Your goal — Nothing outside the lines below from the one containing "According to preliminary" through the one containing "13792123 alte Postkarte" is to be printed; print those exactly, ends included, and drop the pictures.

Task inputs —
----------

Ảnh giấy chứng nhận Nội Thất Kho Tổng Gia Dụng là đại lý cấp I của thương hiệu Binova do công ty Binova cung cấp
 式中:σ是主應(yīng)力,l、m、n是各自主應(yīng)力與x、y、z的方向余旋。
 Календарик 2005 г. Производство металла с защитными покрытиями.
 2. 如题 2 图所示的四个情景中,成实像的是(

----------

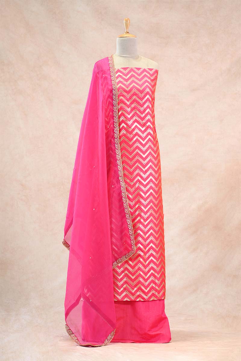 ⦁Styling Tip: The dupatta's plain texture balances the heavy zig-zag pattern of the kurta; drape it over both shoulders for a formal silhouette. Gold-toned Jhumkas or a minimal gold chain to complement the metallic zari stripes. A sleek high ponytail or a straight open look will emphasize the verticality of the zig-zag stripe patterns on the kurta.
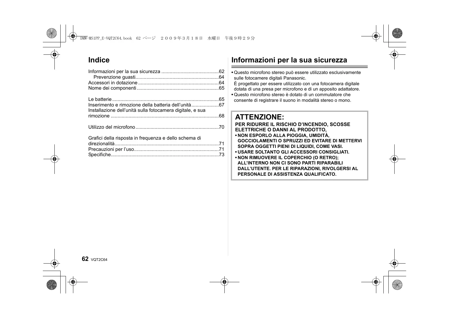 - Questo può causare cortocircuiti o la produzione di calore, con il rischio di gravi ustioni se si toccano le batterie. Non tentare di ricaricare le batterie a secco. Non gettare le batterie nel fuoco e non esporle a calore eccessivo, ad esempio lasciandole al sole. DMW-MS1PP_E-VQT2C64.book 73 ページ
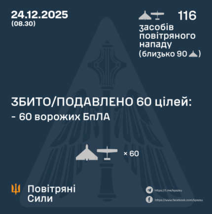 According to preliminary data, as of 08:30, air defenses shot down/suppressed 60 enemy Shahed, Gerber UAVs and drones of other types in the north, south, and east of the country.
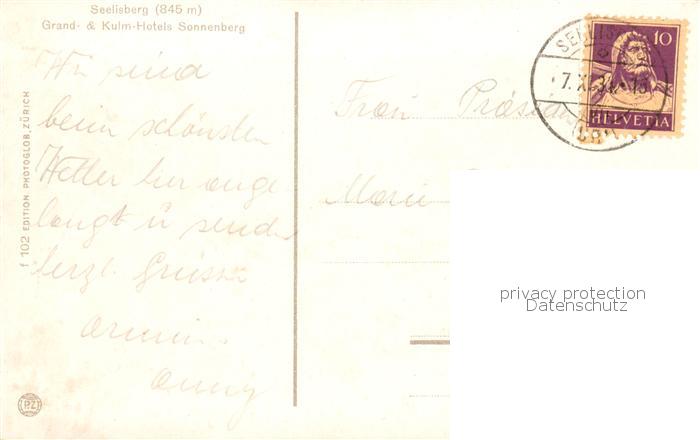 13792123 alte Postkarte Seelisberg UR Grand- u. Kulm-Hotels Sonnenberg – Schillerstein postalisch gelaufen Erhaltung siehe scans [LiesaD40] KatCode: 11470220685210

----------

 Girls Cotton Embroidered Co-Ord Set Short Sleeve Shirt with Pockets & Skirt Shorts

----------

Answer to this problem —
 According to preliminary data, as of 08:30, air defenses shot down/suppressed 60 enemy Shahed, Gerber UAVs and drones of other types in the north, south, and east of the country.
 13792123 alte Postkarte Seelisberg UR Grand- u. Kulm-Hotels Sonnenberg – Schillerstein postalisch gelaufen Erhaltung siehe scans [LiesaD40] KatCode: 11470220685210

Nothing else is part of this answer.